I – O princípio da legalidade impõe que a norma descreva de forma clara, precisa e rigorosa, a conduta ou o facto considerado criminalmente reprovável.
II – O termo «BASTÃO», que consta da norma da al. d) do art. 86 da Lei 5/2006 de 23-2 como objeto de detenção proibida, não tem o significado com que é usado na linguagem comum – objeto que tem a função de “arrimo”, “encosto”, “amparo”, “bengala para apoio”. Tal equivaleria a englobar no conceito um número indeterminado de objetos que, sendo indispensáveis para múltiplas atividades humanas licitas, podem igualmente ser usados como instrumentos de agressão. É o caso de bengalas, varas, cajados, cabos de enxada, bordões dos peregrinos de Santiago, etc..
III – No contexto da redação da norma, tal termo refere-se aos objetos iguais, ou similares, aos «bastões», vulgarmente transportados à cintura pelos membros das forças policiais, para serem usados quando é necessário empregar a força para a manutenção da ordem.
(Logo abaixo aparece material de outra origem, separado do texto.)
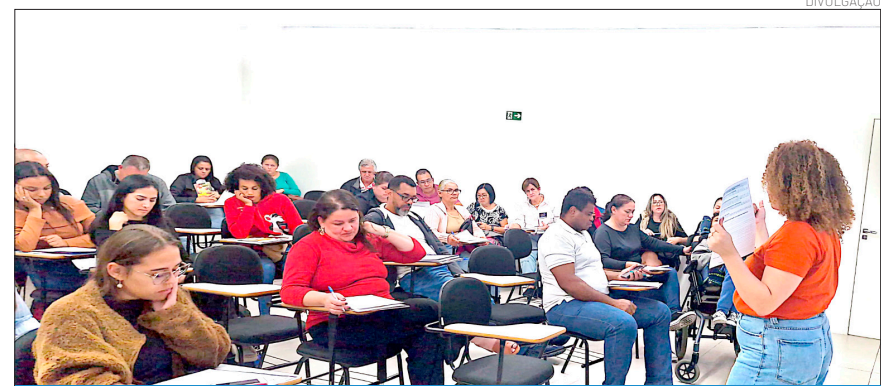
O projeto já contou com mais de 30 mil alunos e beneficiou quase 8.527 alunos empreendedores

A EDP atende 2,2 milhões de clientes residenciais, rurais e industriais no estado de São Paulo. Com o compromisso da qualidade de serviço e expansão da infraestrutura, a companhia está investindo R$ 5 bilhões de 2025 a 2030 em sua área de concessão, um crescimento de cerca de 30% na comparação com os investimentos realizados entre 2019 e 2024. O aumento do investimento será direcionado para aperfeiçoar os processos de atendimento ao cliente, infraestrutura energética, digitalização e automação do sistema, bem como para reforçar a resiliência das redes de distribuição de energia, fundamental no contexto das alterações climáticas.

- argui a existência do vício do erro notório na apreciação da prova;
- alega que os factos não integram a prática do crime por que foi condenado;
- questiona a medida da pena aplicada.
Nesta instância, a sra. procuradora-geral adjunta emitiu parecer no mesmo sentido.
Cumpriu-se o disposto no art. 417 nº 2 do CPP.
Colhidos os vistos cumpre decidir.
Suscita-se a questão prévia de saber se o objeto que o arguido transportava no seu carro, deve ser considerada «arma proibida», porque enquadrável em algum dos objetos elencados no art. 86.º, n.º 1, alínea d), da Lei n.º 5/2006, de 23 de Fevereiro.
Uma primeira nota: ao contrário do que perpassa da fundamentação da sentença não é elemento do tipo de crime a detenção do objeto ser feita com a específica intenção de ser usado como “arma” de defesa ou agressão. Esse elemento em nenhuma parte é referido no texto da norma. A lei não criminaliza “a detenção de quaisquer objetos que possam ser usados como arma de agressão ou defesa, quando detidos com tal intenção”. Em todo o caso, tal específica intenção de agressão não foi alegada na acusação, pelo que é facto que nunca poderia ser considerado.
Na sentença considerou-se que o objeto em causa é enquadrável no conceito de «BASTÃO», mencionado na al. d) do nº 1 do art. 86 da Lei 5/2006 de 23-2, como objeto de detenção proibida.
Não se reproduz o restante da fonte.